I didn’t know she wanted to go to America. What does it say in the letter? You wrote that I should find you a husband even if he’s old . She was sixteen years old. You know? Just a girl, sixteen years old. And she wanted to get married even if the groom was old. I never knew. I swear to you. She never said a thing to me. Forty-three years together and she never said a thing. Other people did, though. Sure. I heard from other people. We all take a secret with us to the grave. Big or small everyone has one. People told me but I didn’t believe. Impossible, I said. Lefteria and I won’t ever have secrets. Not in life and not in death, either. That’s what I said. Big words, sure. But I believed it. God knows I believed it. And now what’ll happen, can you tell me that? How are we supposed to live now.

He turns his head and looks at the letters splayed out over the table. His eyes seem so small and red behind his glasses. Two strange creatures staring petrified at the world from behind a glass wall.

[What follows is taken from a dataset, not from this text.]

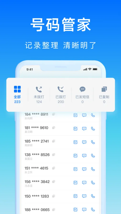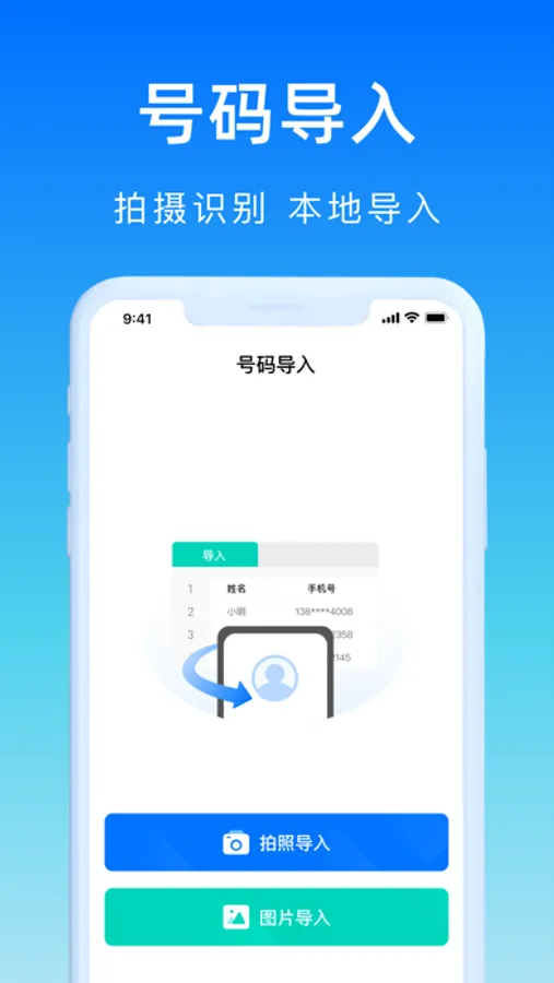 号码识别:提供号码快速识别功能,当你看到a4纸上印满了密密麻麻的电话号码,是否在发愁,手动输入的痛苦是不是深深刻在了DNA里面?现在可以和手动输入说拜拜啦,快速拍照或本地导入,即可一键识别!

Burn them, he says. Go out and burn them. Don’t throw them in the recycling. In a hundred years if the world still exists people will know everything about us and how we live now. Have you ever thought about that? How in a hundred years there won’t be any such thing as the past. Who am I kidding, a hundred. It’ll happen way faster. Sure. Time will be an endless present. Ever thought about that? Even our trash will still be around. That’s why we have to destroy whatever we can while we can. Memory without gaps isn’t memory. It’s death. Go out and burn them. Just don’t get any ash on the clothes out there. My back hurts from bending over the bathtub. Mind those clothes, you hear?

And then he leaves.

I pour another tsikoudia and drink it standing up in front of the window. Then I take a swig straight from the bottle.

I wonder if I should take my father to see a doctor.

I wonder what my mother did when she read that letter from Atlantic City.

I wonder if she closed her eyes and cried or if she forgot or if she kept on hoping. If that dress ever came if she wore it if she went to church. Whatever became of that dress, I wonder.

Outside the whole world is letting loose. The windowpanes are shuddering, the wind whistles through whatever crack it can find. My mother’s clothes are whirling on the line like captive ghosts struggling to escape.

I wonder if that memento ever arrived.

If those two dollars ever came from America, if my mother ever bought that pencil.

People Are Streinz

SEVEN MONTHS without a single dream. Seven whole months. The twenty-first of May was the last time I had a dream. I remember because it was also the last time it rained around here. And I remember because it was Lena’s name day and I said it was a good sign that it rained and I finally had a dream for the first time in a long time. But I haven’t since then. And it hasn’t rained again, either. No rain and no dreams. Dead silence.

Dreams and rain. Who knows. Maybe they go together these days.

Lena doesn’t care about the rain. She doesn’t care that it’s almost Christmas and it’s still twenty degrees outside. She doesn’t care that everyone’s walking around in short-sleeved shirts and outside the birds are singing like it’s April. She doesn’t care about dreams, either.

I don’t dream, she says. I’m better off without dreams. What good did dreams ever do me? I just have the same one all the time, that I’m falling off a cliff and there’s no one to catch me. Why sit there worrying about stupid dreams. You’ve got plenty else to worry about. Yesterday they called again from the appliance place and asked about our payments. We’re three months behind and this and that is going to happen if they take us to court. Did you hear? To court. Can you believe it? The guy had this tone of voice like he was talking to I don’t know who. I wanted the earth to open up and swallow me whole. To have him humiliate me like that, and there was nothing I could say. And if we have to go to court they’ll make us pay the lawyers’ fees, too. Are you listening? Why don’t you worry about that for a change. About stuff like that. Not dreams and rain.

She’s holding a strip of orange peel and slicing it into pieces with a knife. She’s already cut it into a thousand tiny slivers but she won’t stop won’t give up. She slices it into tiny pieces and then smaller ones and even smaller than that. A thousand slivers. And she’s still at it.